The incubation period of Germ has been one of many, many years. First conceived by sole member Tim Yatras way back in 2003, time and space and a number of incredibly important bands (Austere, Woods of Desolation and Grey Waters amongst the acts Tim has been a part of) construed to leave Germ as naught but a dream – a wish, as it were. Music attributed to Germ appeared in the long years between the inception of the project and the fully realised debut album we hear today, Wish and it’s perfectly acceptable to say that this maddening wait was completely worth it
Wish is a terrifically intriguing record, blending genres and breaking rules with hardly a glance back at the devastation left in it’s wake. The core of the record is black metal and any follower of the career of Tim Yatras will immediately pick up on the distinct sounds and nuances found within this album. Yet Wish is so much more than that; it’s a rock album, a dance record, a sorrow tinged masterpiece – and when those electronic beats kick there’s a huge sense of wonder and marvel. Germ is bringing black metal into a whole new realm, yet Yatras is somehow still keeping to the ideas and aesthetics that audiences can grasp hold of and relate to. Those blinding blasts on the drum kit and the quite fantastical nature of the shrieking vocal used is enough to ground Wish in the genre of harshness and despair. But…there’s those electro-beats…..

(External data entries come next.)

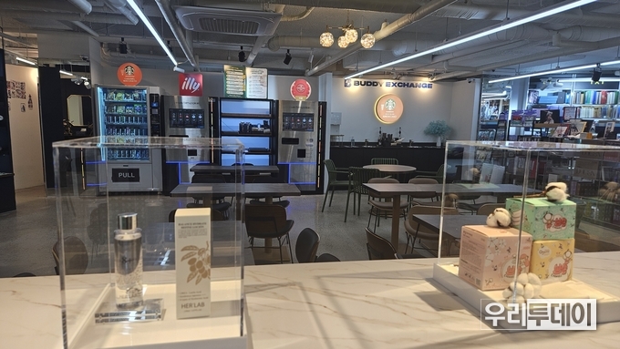 환전 손님들이 편안하게 쉬면서 음료수나 커피를 마실수 있는 휴게시설은 마치 커피샆으로 착각할 정도였고, 그 옆에는 젊은층 환전손님을 위해 장신구 등을 착용하고 사진을 찍는 공간, K스타들 관련된 굿즈를 파는 서점.문구형태의 판매점 등을 갖춘 곳이다.
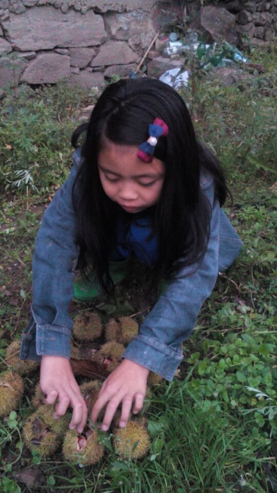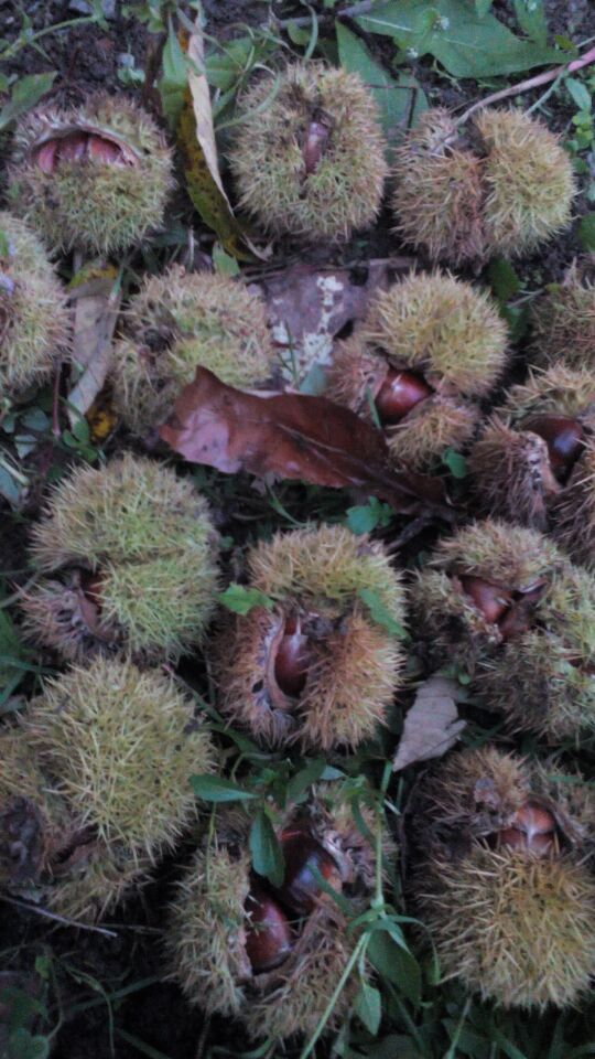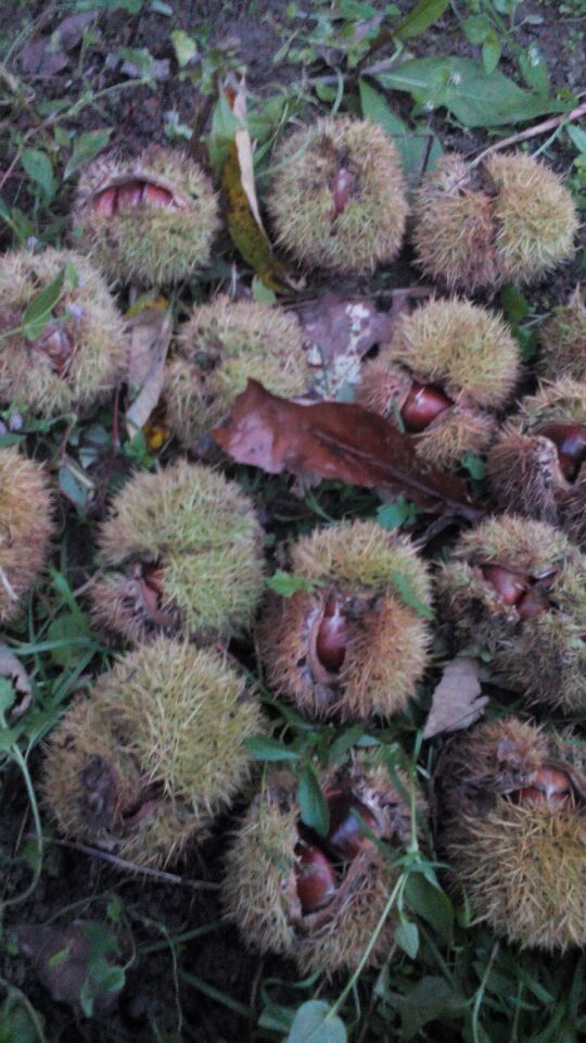 走了大约十五分钟的时间,我来到了板栗树林,地上有很多板栗,还这种浑身带着刺的小球。我知道板栗就是从这些小球体里蹦出来的。我先找奔出来的板栗,捡完之后,我找来一根又细又短但很结实的竹竿,然后和脚配合着撬开那些带刺的小球。结果,里面是又胖有大的板栗。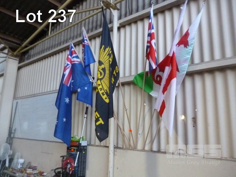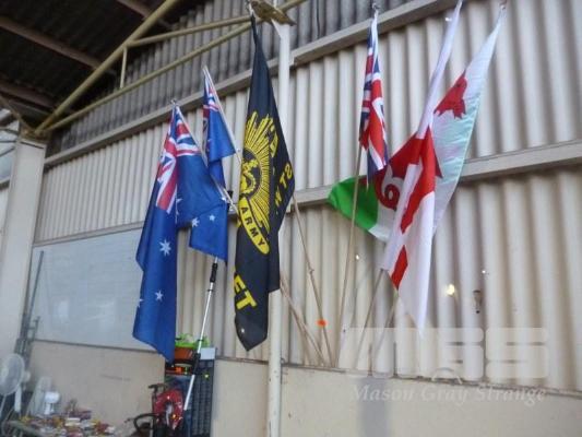 ASSORTED FLAGS & FLAG POLES INCLUDING AUSTRALIAN AMERICAN & REMEMBRANCE - 15 APPROX ON POLES & ON TABLE.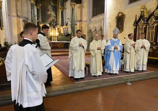 Pred svätou omšou biskup Forgáč požehnal bohoslovcom tretiakom reverendy a superpelície a bohoslovcom piatakom breviáre. Následne si tretiaci po prvýkrát obliekli reverendu. Je to ďalší malý krok na ceste ku kňazstvu. Nasledovala svätá omša, pri ktorej bol bohoslovec z tretieho ročníka Daniel Dzuriš prijatý medzi kandidátov diakonátu a kňazstva.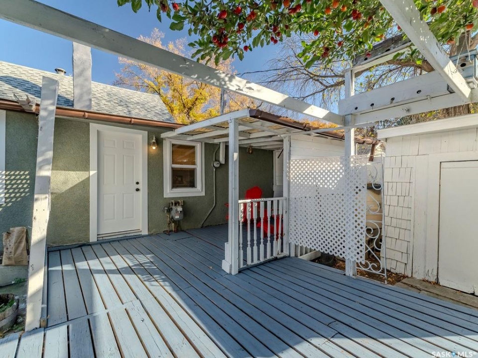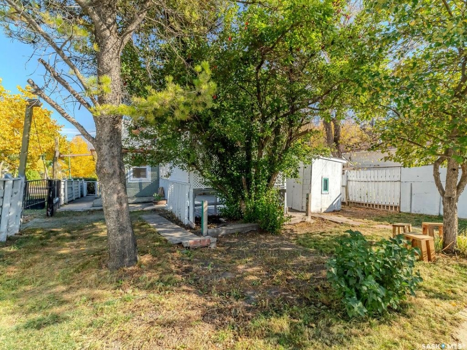 Welcome to 1423 6th Ave N, a cozy renovated home on a desirable corner lot. This property features 2 bedrooms, 1 full bathroom, and a bright, sun-filled living space with large bay windows. The modern kitchen with new appliances adds both style and functionality. Located in a well-established neighborhood, this home offers excellent access to downtown, Circle Drive, the industrial area. Elementary schools, and the river—within walking distance. The mature backyard is a true highlight, with apple and cherry trees, grape vines, birdhouses, a deck with a built-in bench (partially enclosed), and plenty of room for outdoor enjoyment. With two-street access and a spacious yard, there's strong potential for a future garden suite or additional development check with city permits. This charming home is perfect for first-time buyers, investors, or anyone looking for a centrally located property with great possibilities.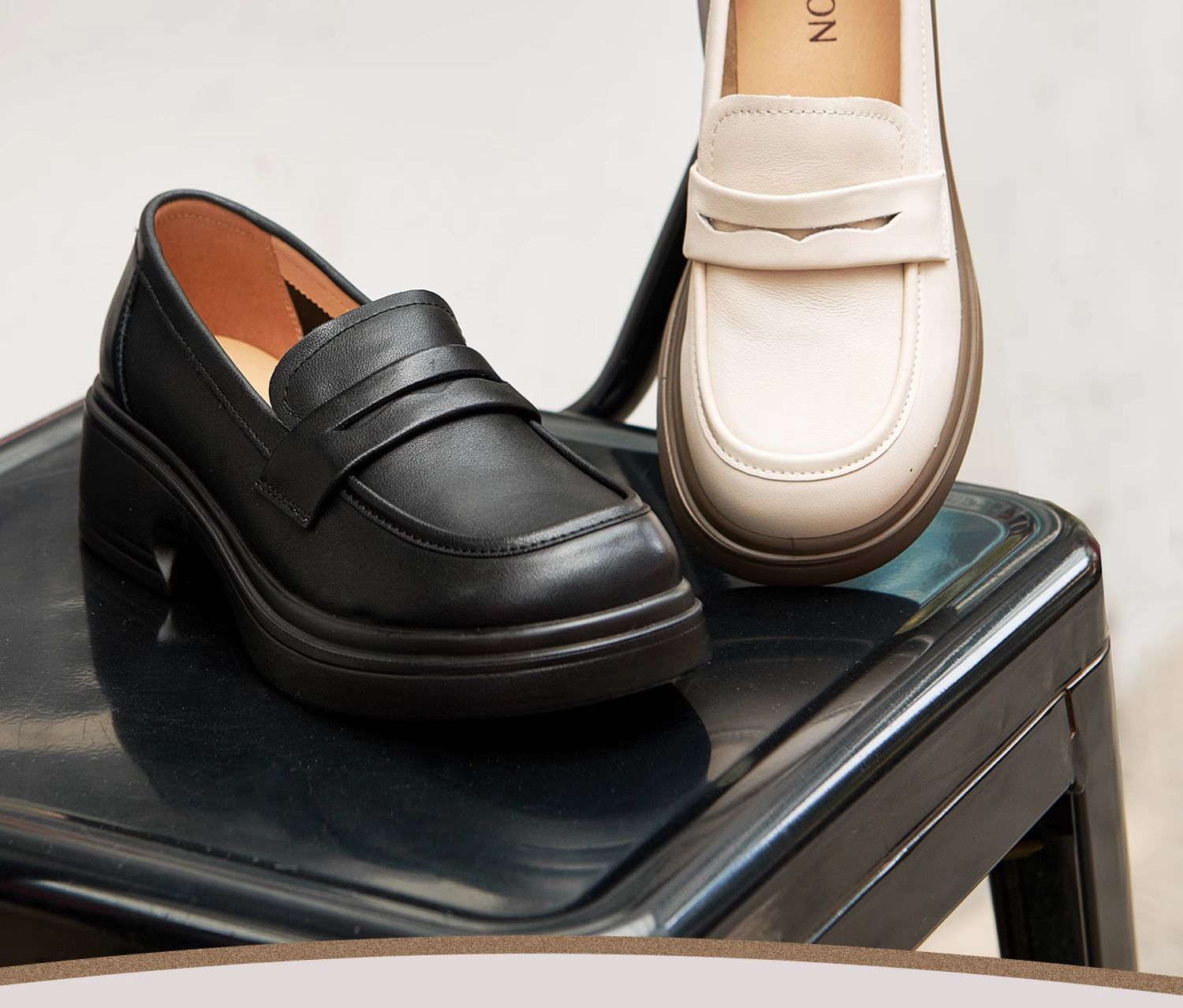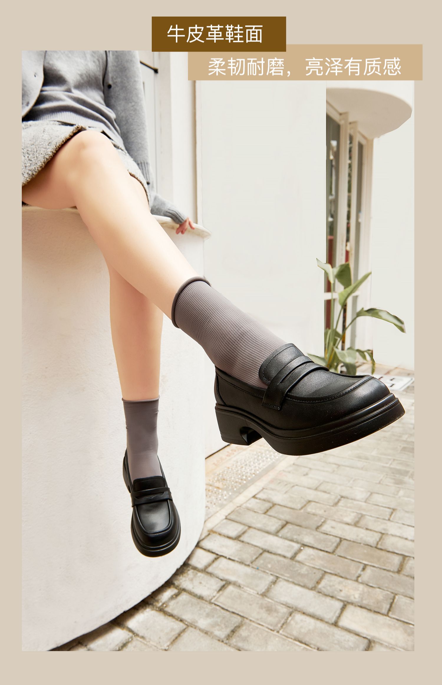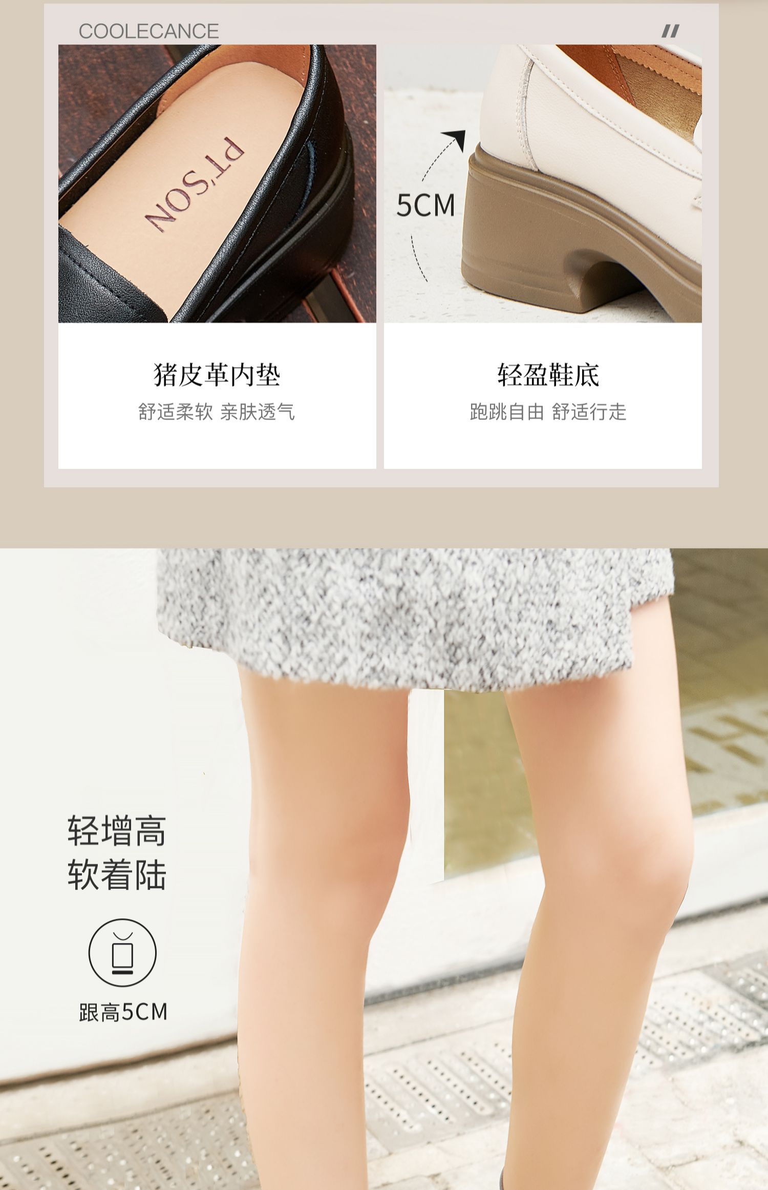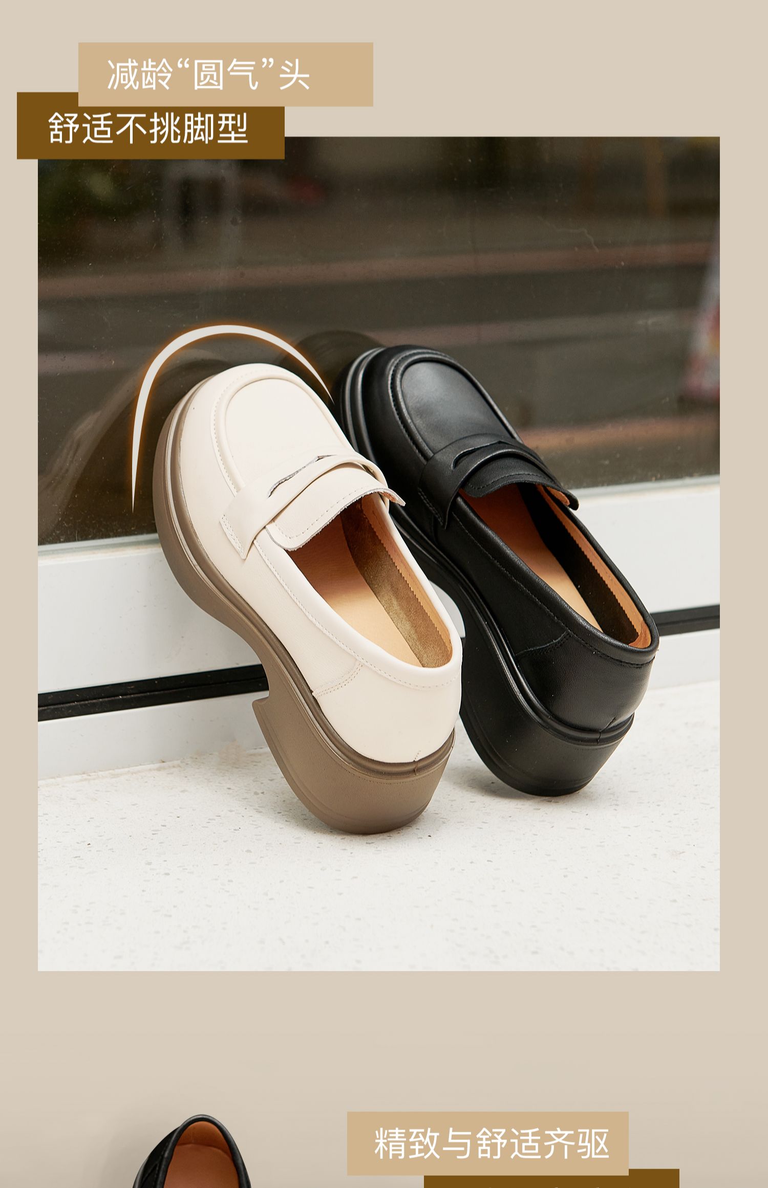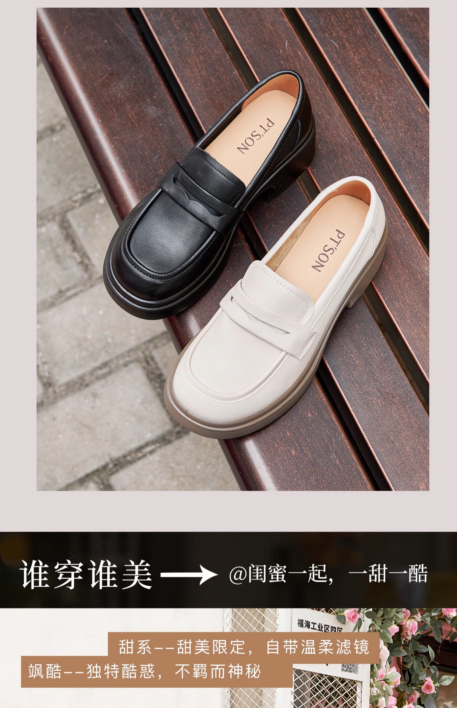 PT'SON百田森 牛皮乐福鞋女新款真皮深口单鞋秋冬软皮软底乐福鞋

Building atmosphere via processed pulses of sound and underpinning the work with a gentle layer of sadness, Yatras has created an album of bizarre cohesion. The extreme touches seem entirely at one with the more pop-tinged passages; absolute inhuman cries issued forth halfway through opening track “An Overdose On Cosmic Galaxy” are a world away from the electronic lines spilling over the deep rumbling drumbeat and the soaring choral backing that slides in behind Tim’s lesser used but surprisingly sweet clean vocal. It shouldn’t work, but it’s so magnificently unusual that you are swept away by the unorthodox nature of it all.
Themes of nature and sorrow, the cosmos and the vastness of the universe permeate Wish – huge ideas in the wasteland of life and it’s via the wildly different styles that these emotions are wrought. The sense of deep and profound searching is found on shorter interlude type tracks “Oxygen” and album closer “Wish.” Yet this record is not completely devoid of hope; there’s a curious impression of elation hidden in the uptempo rhythms and plucked synthy strings of “Breathe In The Sulphur/A Light Meteor Shower,” an album highlight if ever there was one.
“Flowers Bloom and Flowers Fall, But I’m Still Waiting For The Spring” ushers in a mightily sweeping guitar solo to sit alongside those synthesised string sections and vocals dredged from a hell we can never know. Yatras has such a distinctive vocal style, and his usual screams and howls are wonderfully offset by the occasional burst of true singing and trance-filled flows. Playing out via “Wish,” the album closes on a sublimely morose piano led piece. Footsteps echo as they leave the instrument, walking away into the world and disappearing into the surroundings. Captivating.